= African-American names =

African-American names are an integral part of African-American tradition. While many Black Americans use names that are popular with wider American culture, several specific naming trends have emerged within African-American culture.

==History==

During the period of chattel slavery in the United States, enslaved Black people remained legally nameless from the time of their capture until American slavers purchased them. A separate Black American naming culture was imposed by early White slavers who renamed their slaves with biblical, classical Greek and Roman, and mythological names that both showed off the slave owner's erudition and were not commonly used for Whites. Examples from pre-1808 slave roles include Chloe, Ceaser [sic], Homer, Philbe, Polidore, Scipio, and Venus.
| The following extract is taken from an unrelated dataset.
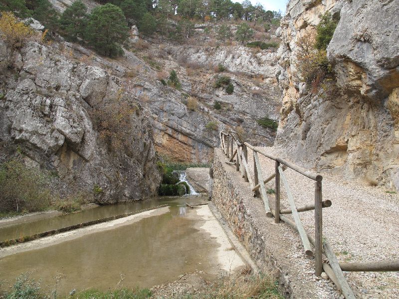 Esta ruta une las localidades de Calomarde y Frías y se puede realizar en ambos sentidos. Coincide con una parte del sendero PR-TE 2 y recorre un impresionante cañón excavado por el río Fuente del Berro, donde se ve el paraje del Moricacho, presas, barrancos y frondosos pinares para llegar al hermoso paisaje que rodea al Molino de las Pisadas. El tramo de sendero que discurre por el cañón se completa con diversos miradores temáticos con información sobre las aves, la vegetación y la geología. Más cerca de Frías se encuentra información sobre el Molino de las Pisadas y una antigua tejería, los aprovechamientos forestales en la comarca, la Reserva de Caza y sobre los refugios ganaderos de la zona. Junto al pueblo, otro mirador ayuda a interpretar el paisaje característico. La parte de este sendero más próxima a Frías tiene una variante por el PR-TE 2.

The Book of Negroes, originally published in New York in 1783, shows that the most common Black names in Colonial America, among both free and enslaved people, included these classical choices along with place-names such as London, Dublin, and Boston. Nicknames were commonly used as proper names, given to more than a third of Black females at the time. These nickname-names included Sukey, Sally, Betsy, Jenny, Sam, Jack, Jim, and Billy.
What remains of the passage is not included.